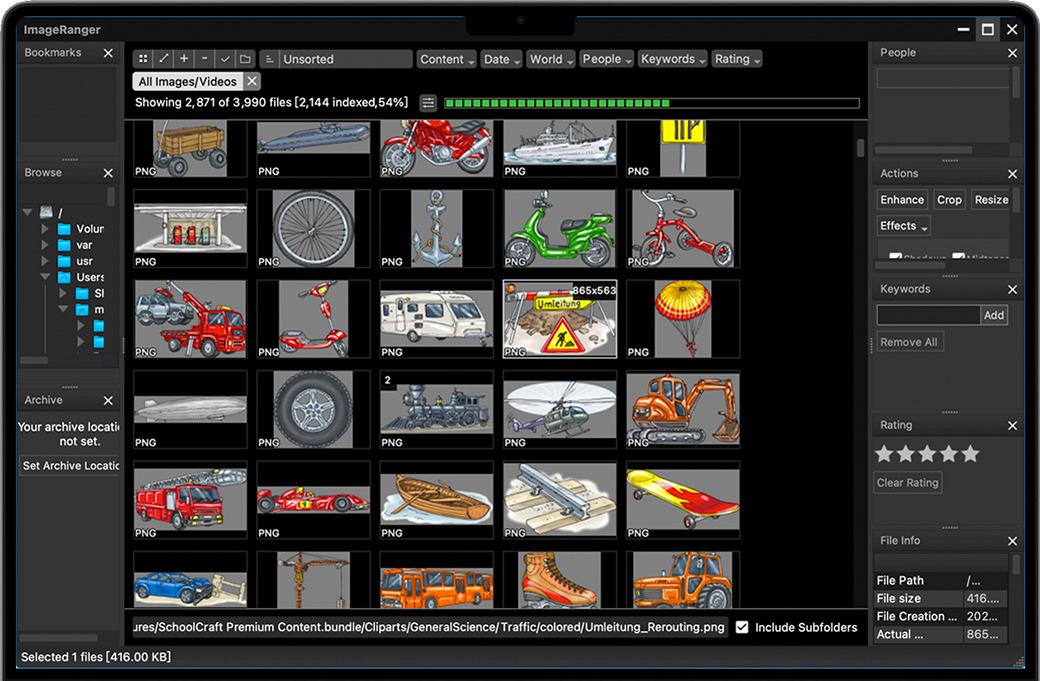ImageRanger 可以索引您的 NAS 和存储驱动器上的数据。这样,您可以轻松地在您的收藏中找到重要的照片。
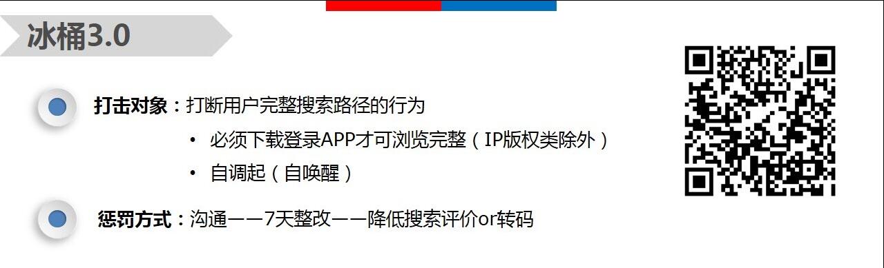 秉承用戶至上的原則,百度移動搜索不斷更新系統、升級算法,一切都為了讓用戶擁有更順暢的搜索體驗。百度移動搜索升級冰桶算法3.0,3.0版本,嚴厲打擊在百度移動搜索中,打斷用戶完整搜索路徑的調起行為。
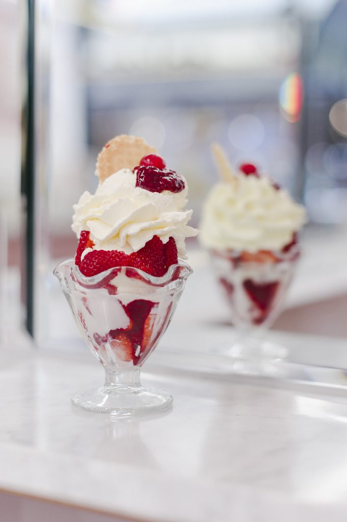 Ultra Fragola – Fior di latte gelato, fresh strawberries, whipped cream, strawberry sauce
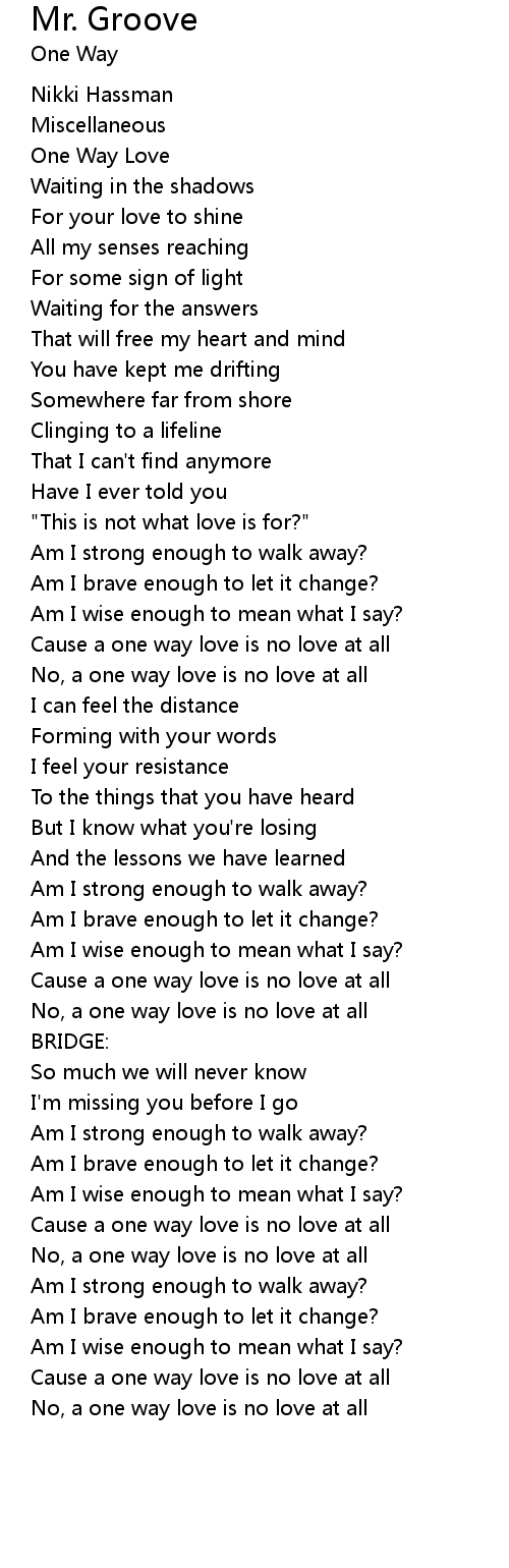 Cause a one way love is no love at all |
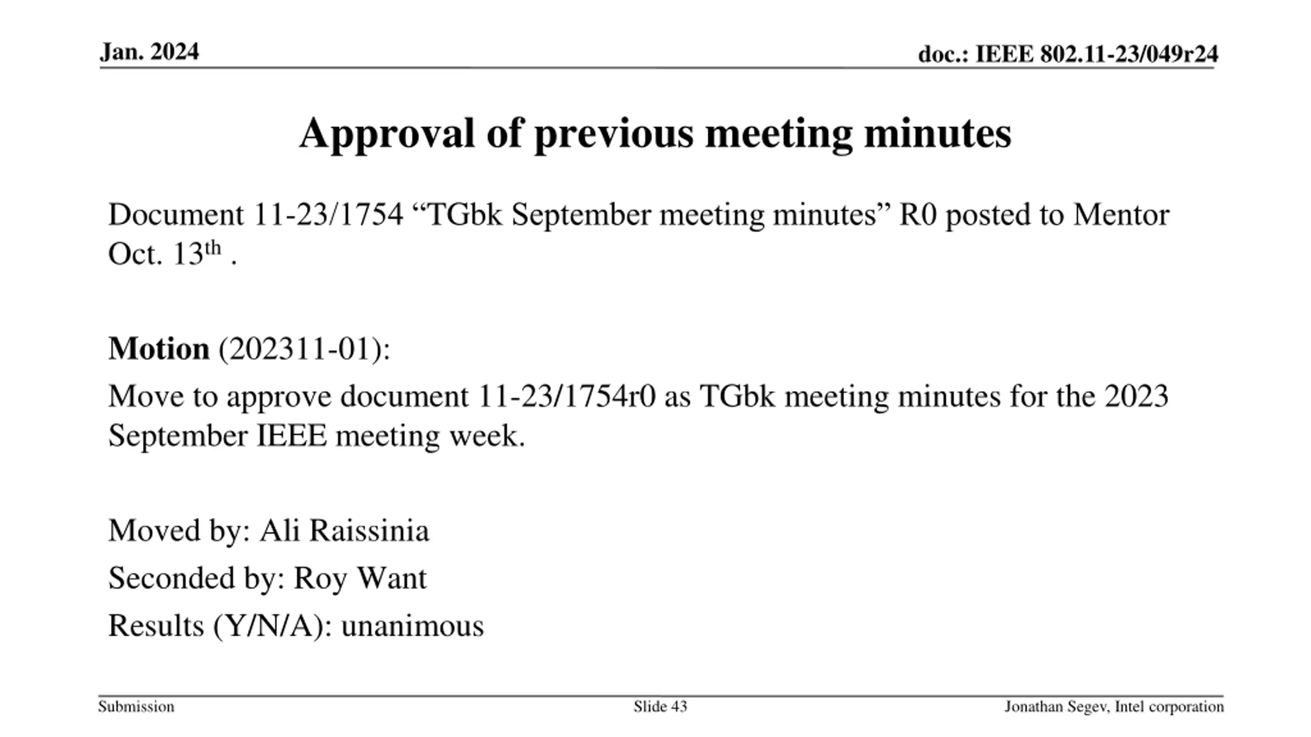 Jan. 2024 doc.: IEEE 802.11-23/049r24 Approval of previous meeting minutes Document 11-23/1754 TGbk September meeting minutes R0 posted to Mentor Oct. 13th . Motion (202311-01): Move to approve document 11-23/1754r0 as TGbk meeting minutes for the 2023 September IEEE meeting week. Moved by: Ali Raissinia Seconded by: Roy Want Results (Y/N/A): unanimous Submission Slide 43 Jonathan Segev, Intel corporation
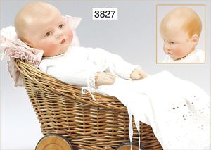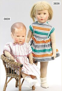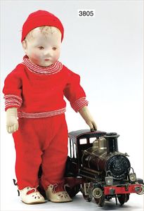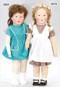 K & R Typ KÄTHE KRUSE, 1911, von K & R die Lizenz zum Herstellen einer KK-Puppe, Puppen verkauften sich schlecht auf dem Markt, sodass die Produktion wieder eingestellt wurde, K & R Toddlerkörper, kompl. farbl. überarbeitet, ausmodellierte gemalte Haare, gemalte Augen, geschl. Mund, 43 cm, sehr selten
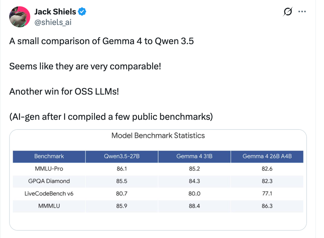 不过,有网友自己测算结果 Qwen3.5-27B 要略优于 Gemma 4 31B。
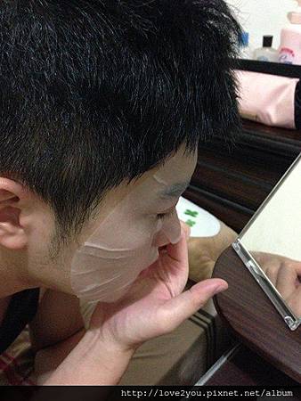 瞧有人專心的照照鏡子 微調著面膜的角度
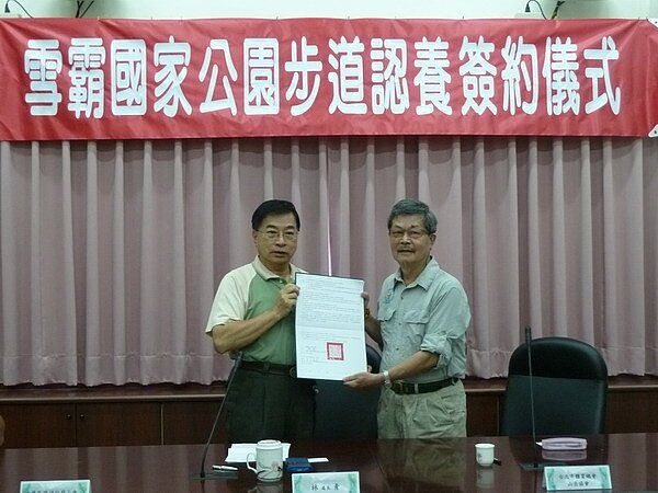 雪霸處為讓認養活動更具意義,於五日上午十點在雪霸處第一會議室,和台北市體育總會山岳協會共同舉行簽約儀式及意見交流,儀式中並有中華民國健行登山會派員共同見證。
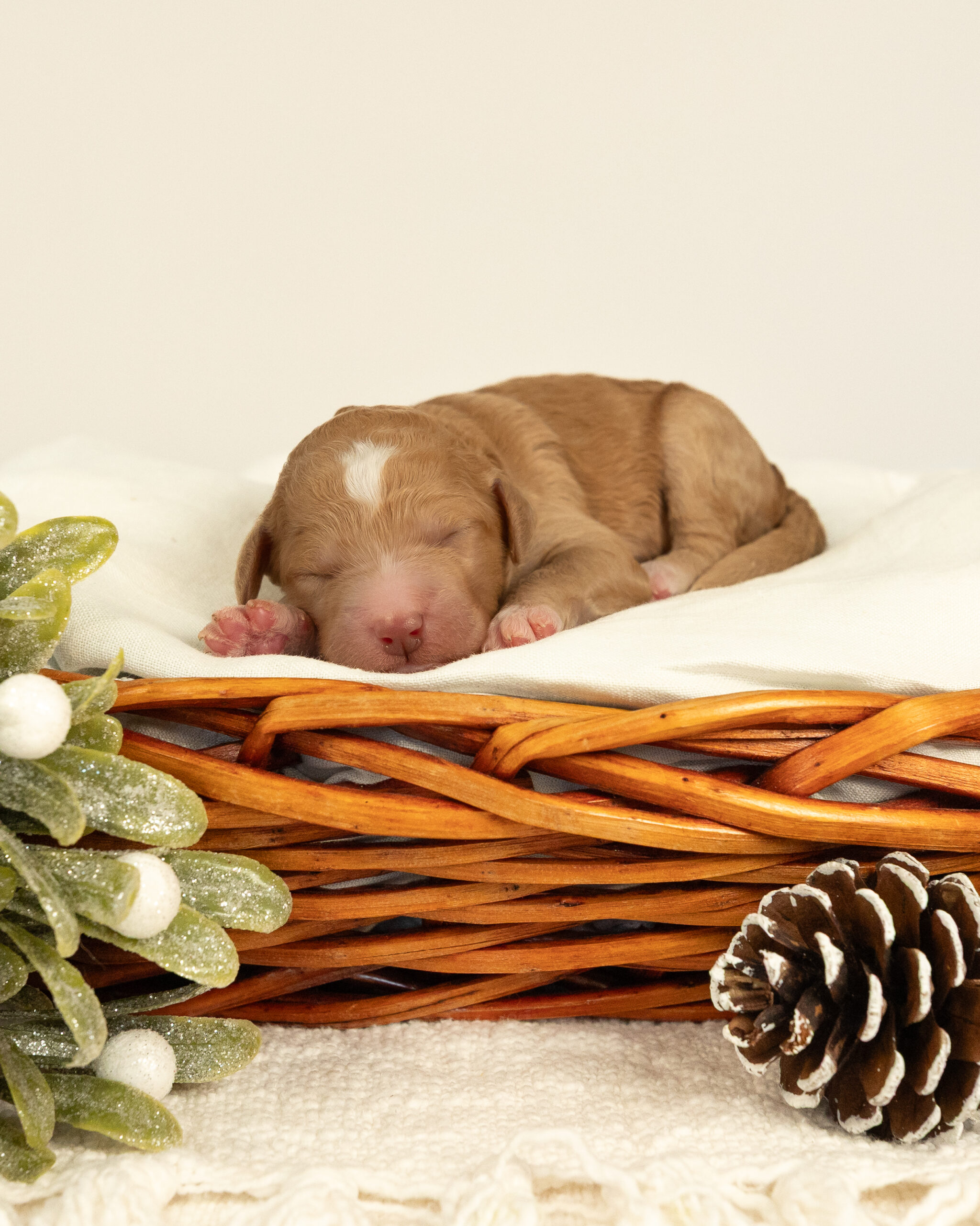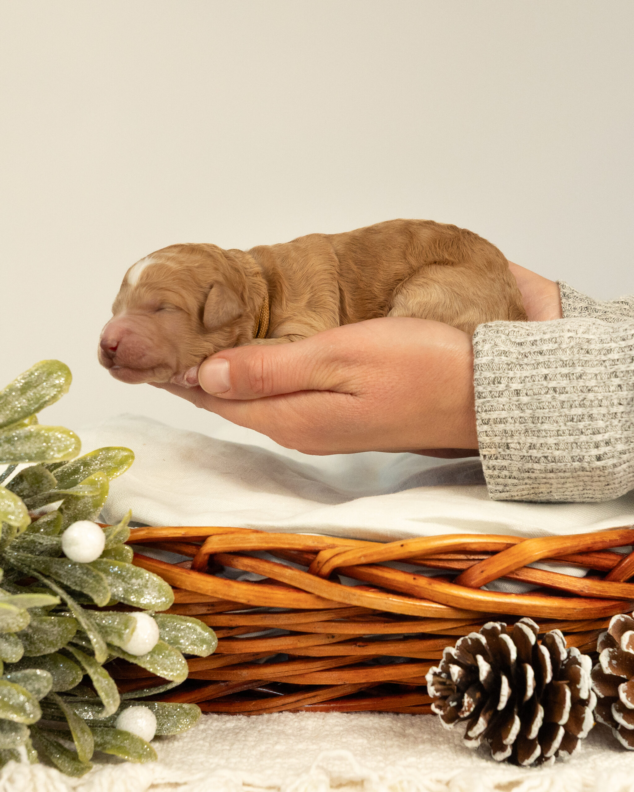 Ginger is a multigen standard Goldendoodle puppy who will be ready for her fur-ever home around December 19th! Her soft, fluffy coat is hypoallergenic and non-shedding, ensuring endless snuggles without fear of allergic reactions. With a loyal and affectionate temperament, she is the perfect forever friend!
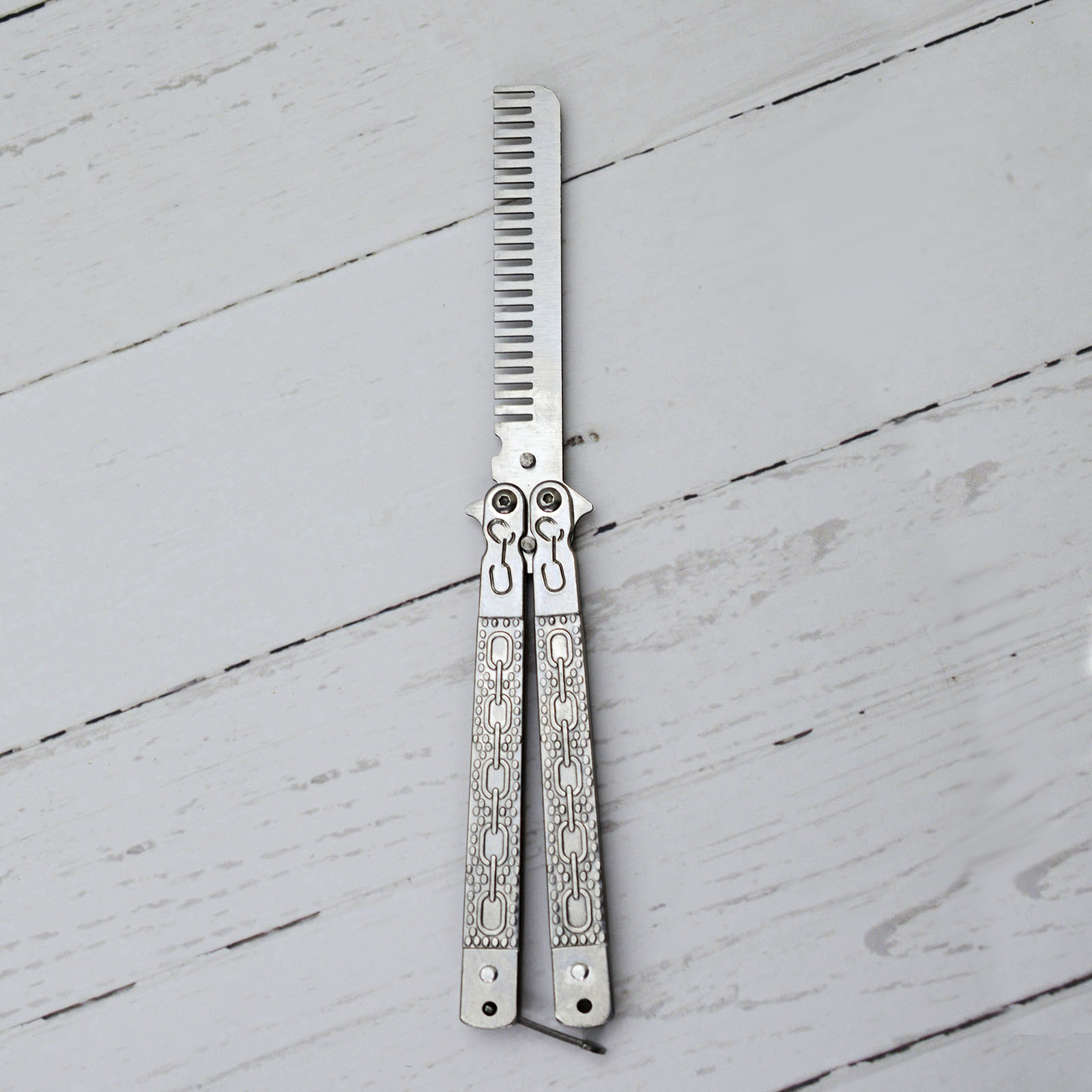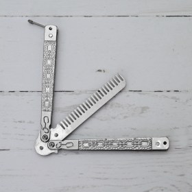 Нож-бабочка складная тренировочная расческа (Балисонг) серебристый
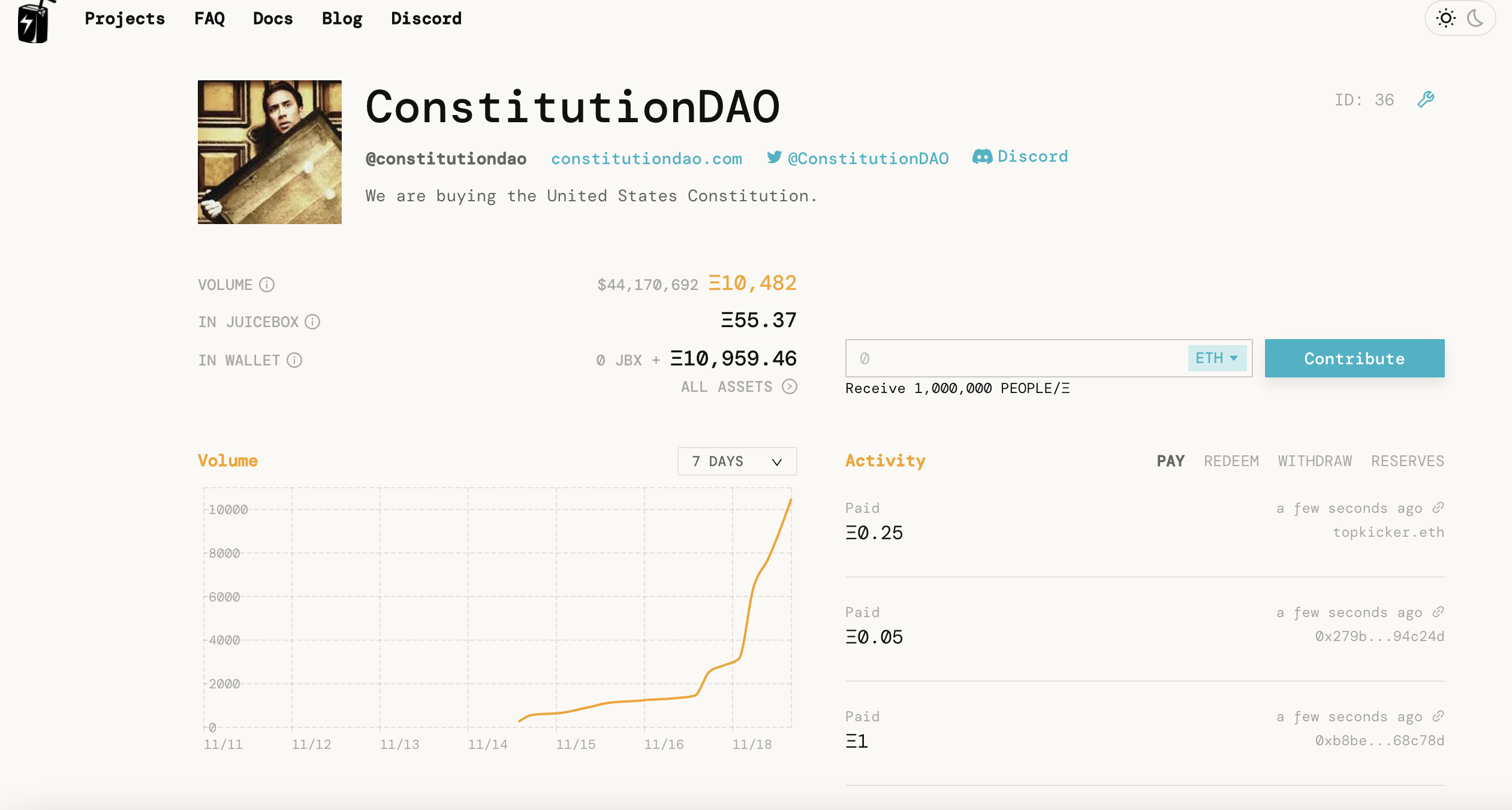 根據 ConstitutionDao 貢獻者 Packy McCormick 的說法,DAO 於 14 日開始透過募款平台 JuiceBox 籌募資金,在開放後 12 小時內就籌集了 300 萬美元,之後款項更是不斷湧入,DAO 因此也持續地提高募資的上限。
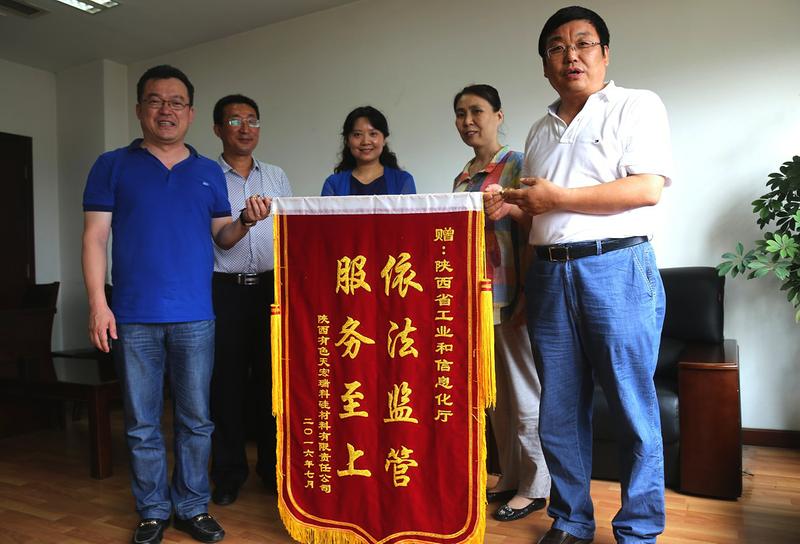 本报讯(记者 查正亮)“感谢你们的监督,近几年来,为我们公司节约了1亿多的资金!”月2日下午,陕西有色天宏瑞科硅材料有限责任公司苏旭盛总经理一行为省工信厅送来了“依法监管服务至上”的金色锦旗,陕西省工信厅总经济师羌薇,招标监管处处长宋亚朝等代表省工信厅接过了锦旗。

-------

* [TASK ITEM]: Word for word, repeat each record above; leave out every picture.

* [EXERCISE RESULT]:
ImageRanger 可以索引您的 NAS 和存储驱动器上的数据。这样,您可以轻松地在您的收藏中找到重要的照片。
 秉承用戶至上的原則,百度移動搜索不斷更新系統、升級算法,一切都為了讓用戶擁有更順暢的搜索體驗。百度移動搜索升級冰桶算法3.0,3.0版本,嚴厲打擊在百度移動搜索中,打斷用戶完整搜索路徑的調起行為。
 Ultra Fragola – Fior di latte gelato, fresh strawberries, whipped cream, strawberry sauce
 Cause a one way love is no love at all |
 Jan. 2024 doc.: IEEE 802.11-23/049r24 Approval of previous meeting minutes Document 11-23/1754 TGbk September meeting minutes R0 posted to Mentor Oct. 13th . Motion (202311-01): Move to approve document 11-23/1754r0 as TGbk meeting minutes for the 2023 September IEEE meeting week. Moved by: Ali Raissinia Seconded by: Roy Want Results (Y/N/A): unanimous Submission Slide 43 Jonathan Segev, Intel corporation
 K & R Typ KÄTHE KRUSE, 1911, von K & R die Lizenz zum Herstellen einer KK-Puppe, Puppen verkauften sich schlecht auf dem Markt, sodass die Produktion wieder eingestellt wurde, K & R Toddlerkörper, kompl. farbl. überarbeitet, ausmodellierte gemalte Haare, gemalte Augen, geschl. Mund, 43 cm, sehr selten
 不过,有网友自己测算结果 Qwen3.5-27B 要略优于 Gemma 4 31B。
 瞧有人專心的照照鏡子 微調著面膜的角度
 雪霸處為讓認養活動更具意義,於五日上午十點在雪霸處第一會議室,和台北市體育總會山岳協會共同舉行簽約儀式及意見交流,儀式中並有中華民國健行登山會派員共同見證。
 Ginger is a multigen standard Goldendoodle puppy who will be ready for her fur-ever home around December 19th! Her soft, fluffy coat is hypoallergenic and non-shedding, ensuring endless snuggles without fear of allergic reactions. With a loyal and affectionate temperament, she is the perfect forever friend!
 Нож-бабочка складная тренировочная расческа (Балисонг) серебристый
 根據 ConstitutionDao 貢獻者 Packy McCormick 的說法,DAO 於 14 日開始透過募款平台 JuiceBox 籌募資金,在開放後 12 小時內就籌集了 300 萬美元,之後款項更是不斷湧入,DAO 因此也持續地提高募資的上限。
 本报讯(记者 查正亮)“感谢你们的监督,近几年来,为我们公司节约了1亿多的资金!”月2日下午,陕西有色天宏瑞科硅材料有限责任公司苏旭盛总经理一行为省工信厅送来了“依法监管服务至上”的金色锦旗,陕西省工信厅总经济师羌薇,招标监管处处长宋亚朝等代表省工信厅接过了锦旗。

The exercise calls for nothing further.